Es wird noch einige Zeit dauern, bis Lyft profitabel arbeitet.

Rote Zahlen: Lyft macht Verlust von mehr als 600 Mio. $

Nachdem schon über die Verluste von Uber berichtet wurde, die im abgelaufenen Jahr auf mehr als 3 Milliarden US$ gestiegen sein sollen, sind jetzt auch Zahlen von Konkurrent Lyft an die Öffentlichkeit gelangt. Ein Insider, der namentlich nicht genannt werden möchte, hat die Zahlen an die Presse weitergegeben.

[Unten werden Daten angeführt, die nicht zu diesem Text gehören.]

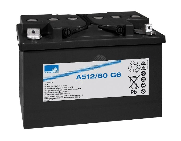 SONNENSCHEIN a512/60.0 G6- полностью необслуживаемый свинцово-кислотный аккумулятор промышленного назначения. Данная серия предназначена для эксплуатации в источниках резервного питания, в системах охранных и пожарных сигнализаций, на телекоммуникационных предприятиях, в электротранспорте, в приборах и оборудовании, а также в системах электроснабжения потребителей высокого уровня ответственности. Батареи также подходят для установки на речном или морском транспорте (есть сертификат Российского Речного и Морского регистра). Батарея a512/60.0 G6 может эксплуатироваться в циклическом режиме с чередованием разрядов и зарядов или в режиме постоянного подзаряда с обеспечением питания нагрузки в случаях аварийного отключения электроэнергии.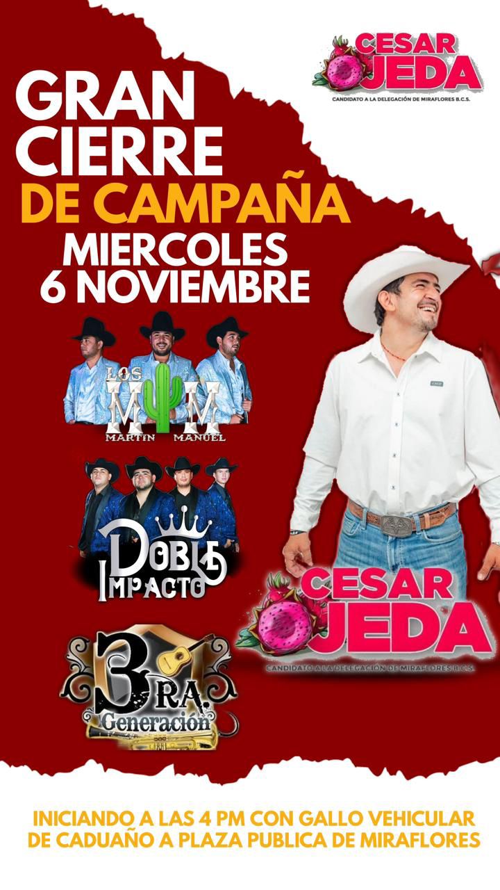 Gran Cierre de Campaña César Ojeda y Grupos en Vivo Miércoles 6 de Noviembre Inicia con Gallo Vehicular desde Caduano hasta Miraflores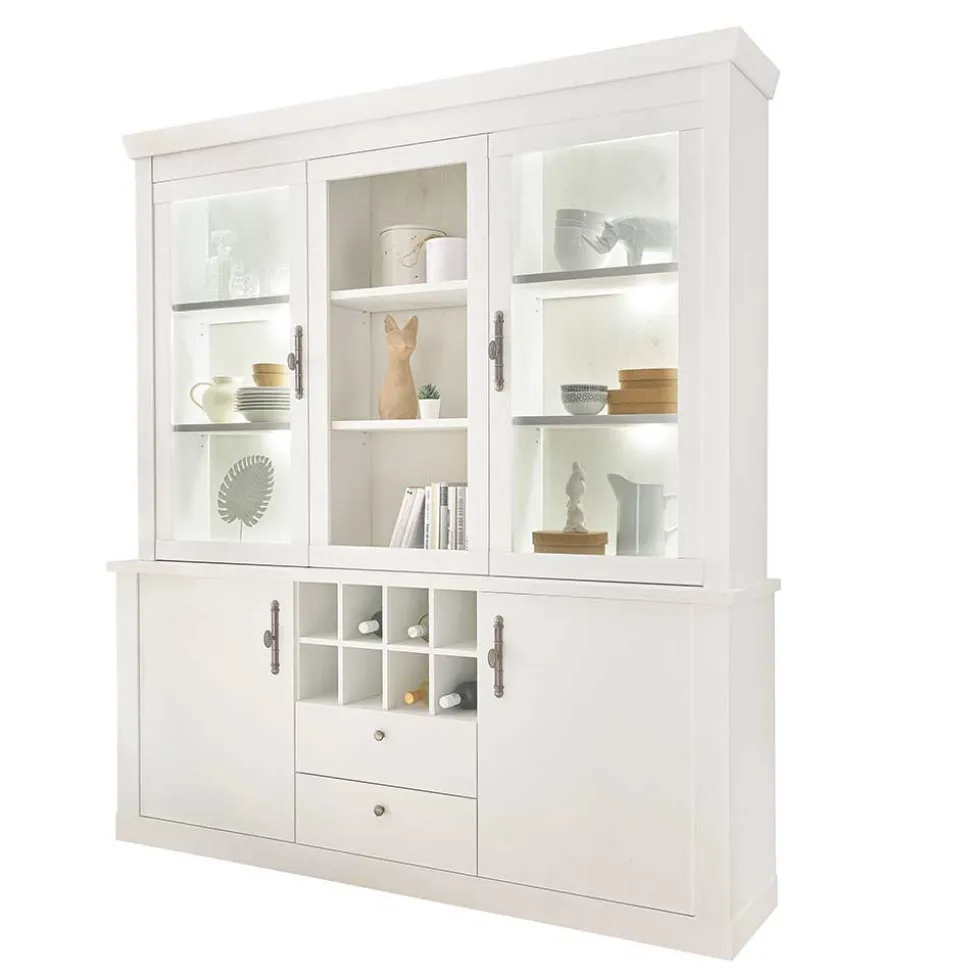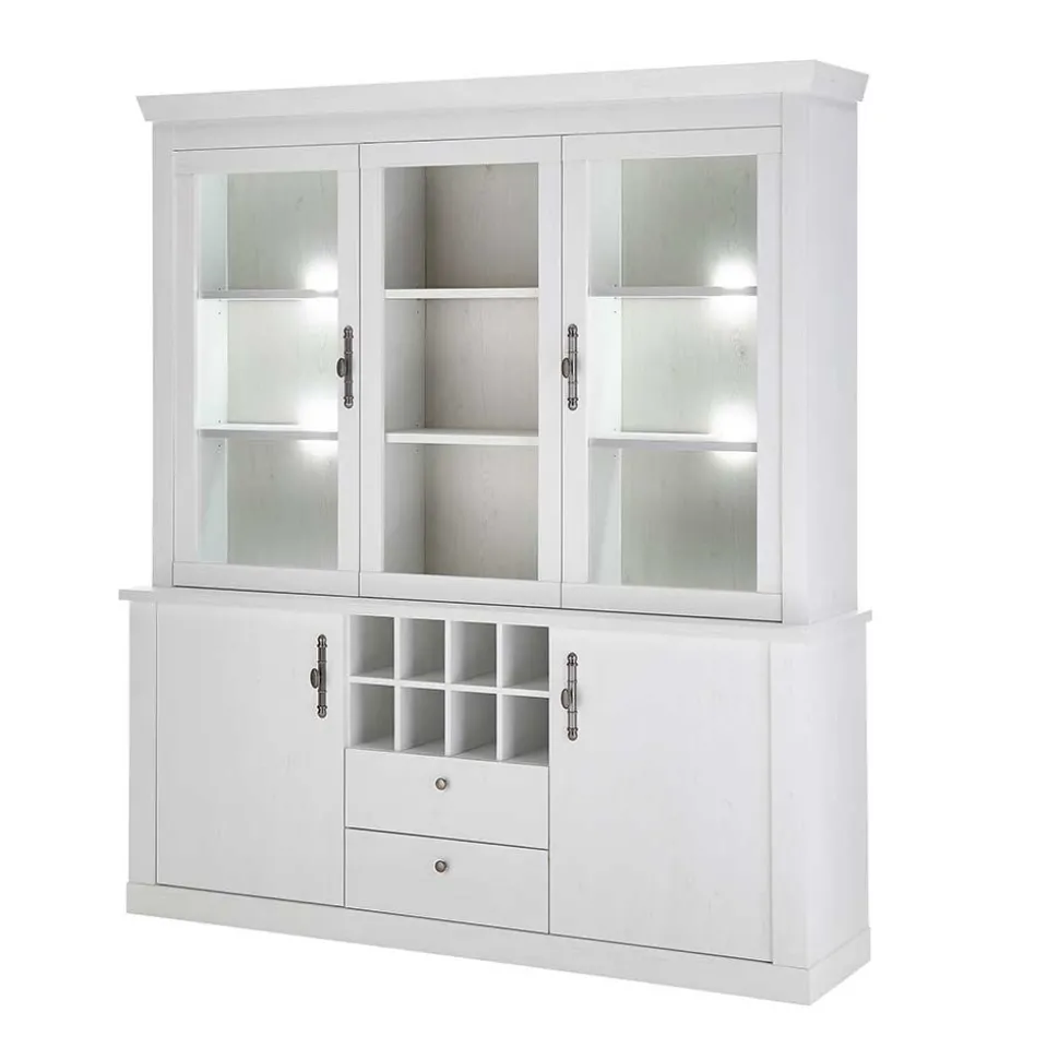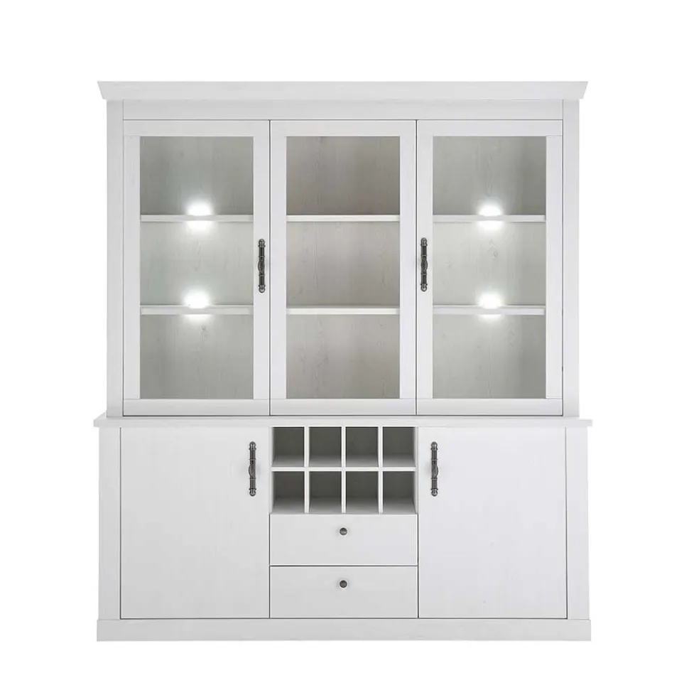 Die Buffetschrank-Vitrine punktet mit einem durchdachten Stauraumkonzept. Mit den Maßen 184 x 207 x 44 cm verfügt sie über zwei Schubkästen, einen Aufsatz mit zwei Glasrahmentüren und drei offene Fächer für Ihre schönsten Dekorationen. Unten befinden sich zwei Türen mit je einem Boden dahinter, sowie acht praktische Flaschenfächer. Das dazugehörige Sideboard mit einer Größe von 201 x 100 x 44 cm ergänzt die Vitrine ideal. Es bietet hinter vier Türen sechs Einlegeböden sowie zwei offene Fächer, die dekorative Highlights in Szene setzen können.

Umsatz wächst schneller als Verlust

Der zweitgrößte Anbieter von Ride-Hailing Diensten in den USA hat trotz starkem Umsatzwachstum einen Verlust von mehr als 600 Mio. US$ angehäuft. Der Umsatz soll im gleichen Zeitraum um 250% auf etwa 700 Mio. US$ angestiegen sein. Im Vergleich zum Vorjahr ist der Verlust um 46% gestiegen. Der Verlust pro Fahrt ist auf 3.75 US$ gesunken, im Vorjahr lag dieser Wert noch bei 7.77 US$ pro Fahrt. Während des Jahres hat das Ridesharing Unternehmen den Investoren mitgeteilt, dass der Verlust pro Monat nicht über 50 Mio. US$ liegen wird – an dieses Versprechen hat sich Lyft anscheinend gehalten. Innerhalb der kommenden zwei Jahre will das Unternehmen profitabel werden.

Langfristig mit profitablem Geschäftsmodell?

Bei den hohen Verlusten von Uber und Lyft kommt die Frage auf, ob beide Unternehmen unter den jetzigen Marktbedingungen die Profitabilität erreichen können, ohne zu fusionieren. Beide Unternehmen bezuschussen Fahrer und locken Kunden mit Gutschriften, um ein Wachstum in den USA verzeichnen zu können. Dieser Wachstumskurs ist extrem kapitalintensiv und wird nur aufhören, wenn ein Unternehmen vom Markt verschwindet. Nach einer Fusion können die Fahrpreise angehoben und die Subventionen reduziert werden.

Auch wenn es sich dabei um eine andere Branche handelt, aber ein ähnlicher Trend konnte auf dem deutschen Fernbusmarkt beobachte werden. Zuerst haben sich mehrere Anbieter mit geringen Preisen unterboten, bis die schwächsten Anbieter aufgeben haben. Mittlerweile ist nur noch Flixbus übrig geblieben und die Fahrpreise wurden angehoben.

Lyft wächst schneller in den USA

Konkurrent Uber hat im ersten Quartal 2016 ein positives Ergebnis in den USA erzielt, in den weiteren Quartalen dann aber mehr als 100 Mio. US$ pro Quartal in den USA verloren. Nachdem Uber im ersten Quartal gesehen hat, dass Lyft schneller wächst und weitere Marktanteile gewinnt, wurde auf Angriffsmodus umgeschaltet. Es wurden höhere Summen in Marketing und Subventionen auf Fahrerseite investiert, um wieder schneller auf dem amerikanischen Markt zu wachsen.